2. Dissatisfied with the decision of the trial court, the appellant who was the defendant in the original suit, has come to this court on appeal on the following grounds –

1. The learned magistrate erred in law and in fact in arriving at a decision that is void ab initio as it is purely based on what was neither pleaded nor prayed for by the respondent.

2. The learned magistrate erred in law and in fact in basing her decision on extraneous issues.

3. The learned magistrate erred in law and fact by making two decisions in one matter that belong to two separate regimes of the law.

4. The learned magistrate erred in law and in fact by proceeding to make a finding of a marriage by presumption and yet the respondent clearly stated her case in paragraph (3) of her plaint/amended plaint.

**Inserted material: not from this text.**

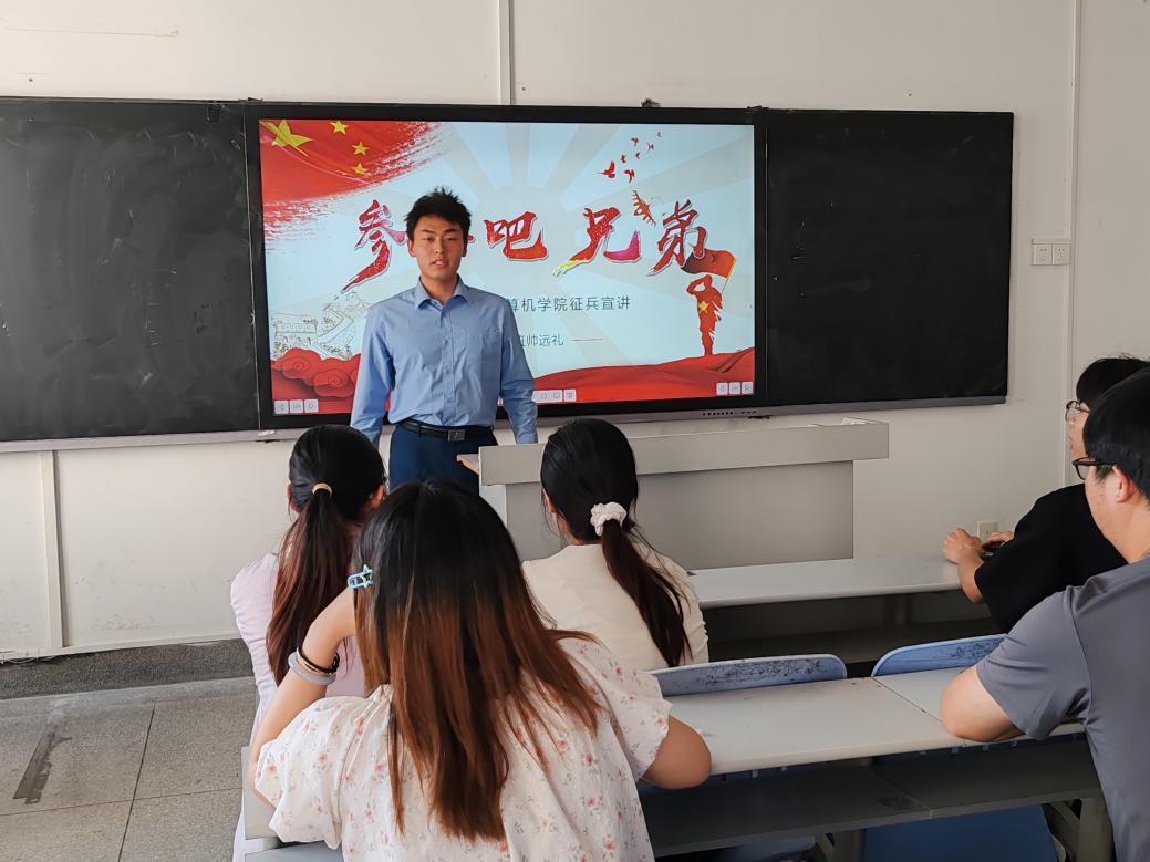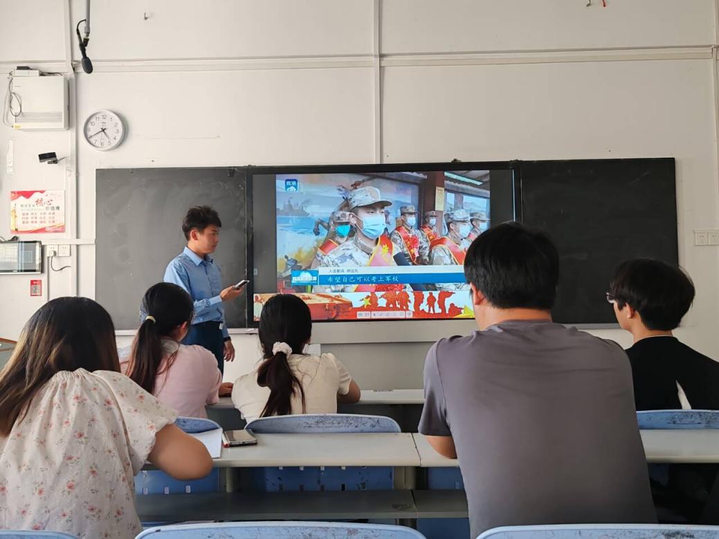 宣讲会伊始,退役学生帅远礼结合自身经历,向大家分享了他丰富多彩的军旅生活,并讲解了征兵入伍政策等经验。随后在互动环节中,参会学生积极提问,与学长进行了深入交流。面对同学们的提问,学长耐心解答,给出了宝贵的建议和指导。最后,辅导员卢老师进行总结发言,他鼓励同学们将个人理想融入国家发展,把握参军机遇,在军营中锤炼自我,以青春热血践行责任担当,为国防事业添砖加瓦。

5. The learned magistrate erred in law and in fact by making a decision on a matter that she never presided upon without first asking parties to take directions.

3. By consent the appeal proceeded by way of filing written submissions.  The appellant’s counsel M/s Siele Sigira filed their submissions on 26th June 2019 while the respondent’s counsel M/s E. M. Orina and Company filed written submissions on 13th July 2019.  I have perused and considered the submissions filed, as counsel elected not to highlight the same in court.

4. This being a first appellate court, I am required to re-consider the evidence on record and come to my own conclusions and inferences – see Selle – vs – Associated Motor Boat Company Ltd [1968] EA 123.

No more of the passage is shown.